– Конечно, Морзе. Как скажешь.
Голик подставил спину, и Морзе начал распутывать ремни.
– Никаких проблем. Ты уж поверь мне, приятель. Я бы тебя тоже отпустил.
– Ага, но я не настолько псих, чтобы оказаться в смирительной рубашке. Все знают, что я нормальный.
– Ну же, не смейся надо мной. Разве похоже, что я сошел с ума? Конечно, нет. Просто все любят надо мной издеваться, потому что я постоянно ем.
– Дело не в том, что ты любишь поесть, а в твоих манерах, – Морзе хохотнул над своей шуткой и распустил рукава. – Ну, вот.
– Помоги, а? Руки так онемели, что я ими пошевелить не могу.
– Вот дерьмо.
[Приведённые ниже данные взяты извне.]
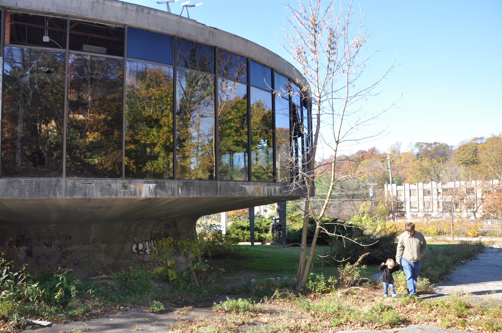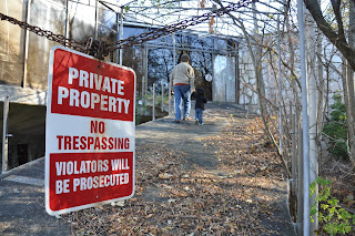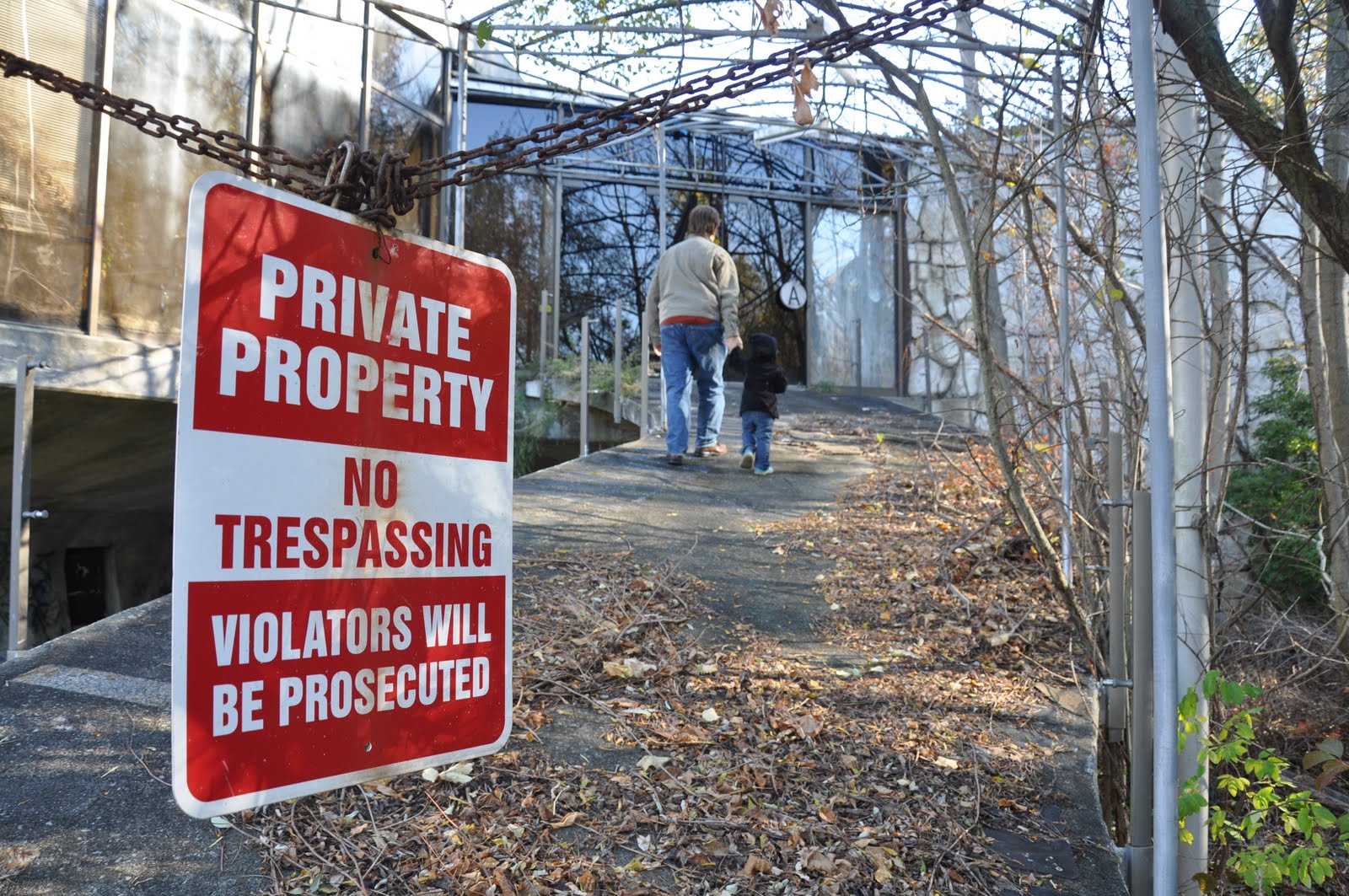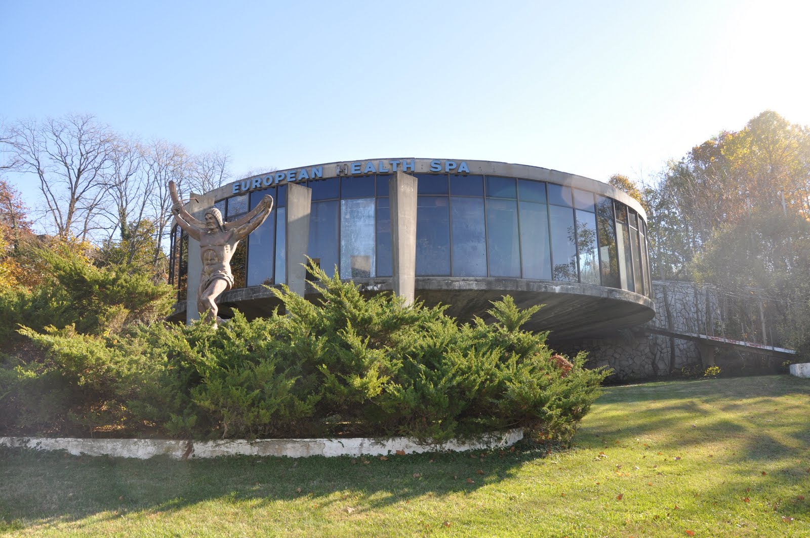 For years, we've been driving down Westchester County's Central Park Avenue, and I've told myself that one day, I'd stop and take photos of the European Health Spa in Scarsdale. Last month, that day finally came. Husband, daughter, and I had a surprisingly good time for an exploration that wasn't natural in its nature and one that we explored in a surface way. As you can see below, daughter now likes to imitate the gestures of statues, which is what really made this pit stop interesting. And, of course, getting her in a "No Trespassing" photo. It's obvious that at one point, the European Health Spa was "visionary" for its creative use of architecture on a strip mall street. But now plants have taken over in much of the inside, and upon a closer look, that fantastic statue is plastic. No wonder it hasn't been taken by vandals. I found a post about this abandoned site dated 2004. I'm curious to see how long it will be before this buiding actually gets demo'd.

Худо уже то, что мне приказали за тобой присматривать, а теперь еще и в медсестру играть приходится.
Морзе стянул с Голика рубашку. Тот, как мог, помогал.
– Где они его заперли?
– Наверху, в ближайшем контейнере для отходов на пятом уровне. Ну, я тебе скажу, мы этого ублюдка крепко прижали! Я хочу сказать, надежно, – Морзе принял самодовольный вид. – Чертовы десантники не справились, а у нас получилось.
Голик разминал руки. Помахал ими взад-вперед перед широкой грудью, затем перешел на круговые движения, все шире и шире, восстанавливая кровообращение.
– Но оно еще живое?
– Да, увы. Ты бы видел, какие вмятины оно на двери оставило. На керамокарбидовой двери, прикинь, – Морзе в изумлении покачал головой. – Крутая тварь. Но мы ее поймали.
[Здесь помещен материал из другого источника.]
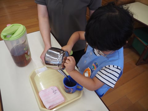 お弁当の時間になりました。自分のお茶を注ぎます。

– Я должен снова его увидеть, – крупный мужчина смотрел в точку за спиной Морзе, на что-то, видимое только ему. Выражение его лица было бесстрастным, непоколебимым. – Должен снова его увидеть. Он мой друг.
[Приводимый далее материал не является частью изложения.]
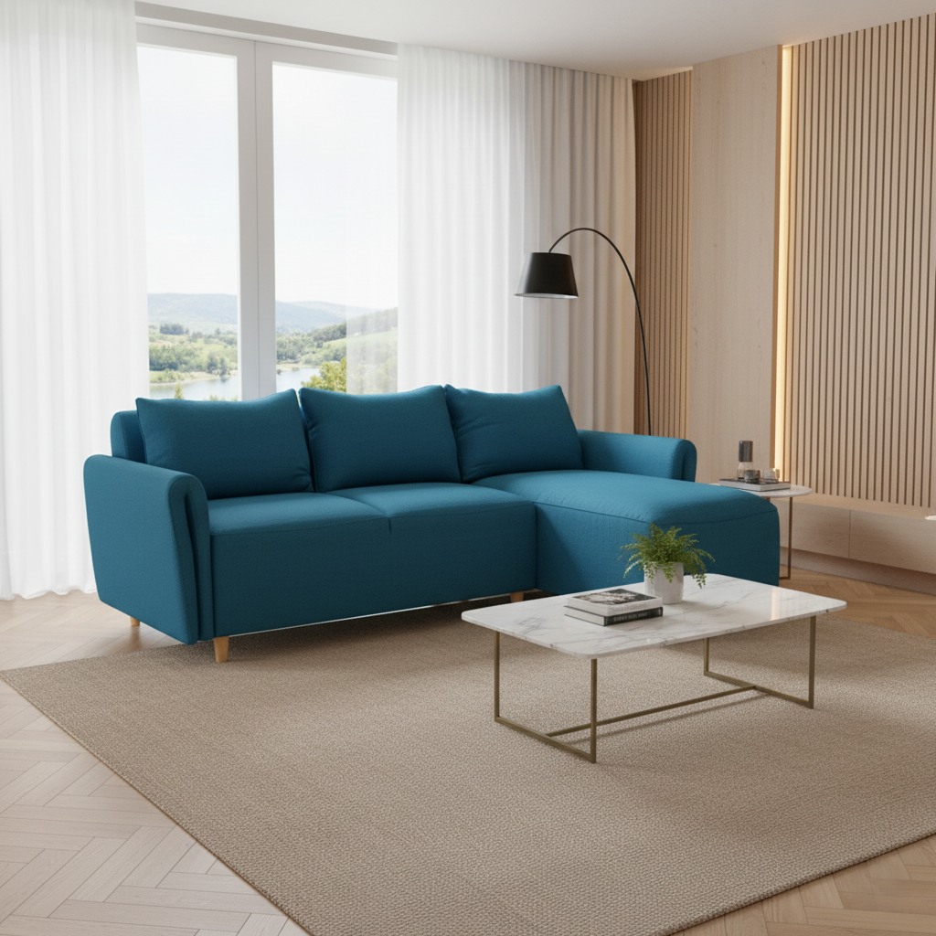 घर और फर्नीचर के लिए 5 सीटर सोफा, असबाब कपड़े, लिविंग रूम के लिए आधुनिक और टिकाऊ डिज़ाइन - नीला

Морзе, внезапно насторожившись, сделал шаг назад.
– О чем это ты, черт тебя дери? – он мельком оглянулся на дверь.
Голик спокойно сорвал с ближайшей стены небольшой огнетушитель. Морзе попытался отпрыгнуть к двери, но… слишком поздно. Огнетушитель опустился раз, другой, и Морзе рухнул на пол, сложившись пополам.
Голик задумчиво посмотрел на него с выражением идиотического огорчения на лице и сказал извиняющимся тоном:
– Прости, брат, но мне показалось, что ты не поймешь. Не достанется тебе больше сигарет, приятель.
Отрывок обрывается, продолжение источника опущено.